Closed wsmoses closed 3 weeks ago
main | 18c6fa18c064e6... | main/18c6fa18c064e6... | |
---|---|---|---|
basics/overhead | 4.03 ± 0.001 ns | 4.34 ± 0.01 ns | 0.929 |
time_to_load | 0.35 ± 0.0015 s | 0.376 ± 0.0013 s | 0.932 |
A plot of the benchmark results have been uploaded as an artifact to the workflow run for this PR. Go to "Actions"->"Benchmark a pull request"->[the most recent run]->"Artifacts" (at the bottom).
@vchuravy per signal convo, my best memory of where this left off (@gbaraldi please correct me).
We find a segfault. Specifically we are apparently setting the name of a datatype to something new which is wrong (specifically tuple.name or something).
Backtracing to the culprit we find that it is getting overwritten in the += of the reverse pass. Specifically we have a for loop of apply generics (for the iterate) and also an unstable get nth index of. These result in an allocation of shadow pointers from their results for use in the reverse pass. We shuold have a cache of Tuple{Ref{Float64},Ref{Float64}}. The tuple of size 2 is from the batch. The ref as that is what the shadow from the augmented primal of unstable get nth index of should return.

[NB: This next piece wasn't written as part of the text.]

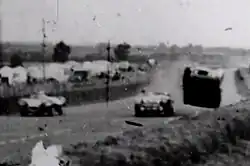On lap 35, Hawthorn and Fangio were racing as hard as ever. In his biography, Hawthorn said he was "momentarily mesmerized by the legend of the Mercedes superiority ... Then I came to my senses and thought 'Damn it, why should a German car beat a British car.'"[8][9] The lap before, Hawthorn's pit crew had signalled for him to come in the next lap. He had just lapped Levegh (running sixth) after Arnage (one of the corners of the race track) and was determined to keep Fangio at bay for as long as he could.[10] Coming out of the Maison Blanche portion of the course, he rapidly caught Lance Macklin in his Austin Healey 100S, who had seen him and moved over to the right to let him pass. Putting another lap on Macklin coming up to the main straight, Hawthorn then raised his hand to indicate he was pitting and pulled across to the right (from Hawthorn's testimony).[10][11] What caught Macklin out though was that Hawthorn, using the Jaguar's advanced disc brakes, braked hard enough to slow his Jaguar from such a speed in time.[12][13][14][15]

In the reverse pass, we should have two iterations -- just like the fwd pass has two iterations. It is on the last iteration of the reverse pass [aka the theoretical index 0] which is the issue. The cache does not actually contain 2 (for the two iters of loop) Tuple{Ref{Float64},Ref{Float64}}'s. Instead it contains as first element (1=Tuple.name, 2=Tuple.name) and then (1=RefValue{1.0}, 2=RefValue{1.0}) [random float values added, idr what they were]. We had earlier spent a rabbit hole looking at the assembly of the indexing since LLVM appears to have split the induction variable into two counters, one which is negative and increments up and the other which goes down. One is used for indexing, the other for the revere pass loop exit. This was originally suspicious since the indexing one on the last reverse pass iteration (aka i==0) seemed to index at an offset of -8 possibly implying the loop was doing an incorrect iteration. However this negation was actually expected as it basically was LLVM strength reduction moving part of the indexing out of the loop.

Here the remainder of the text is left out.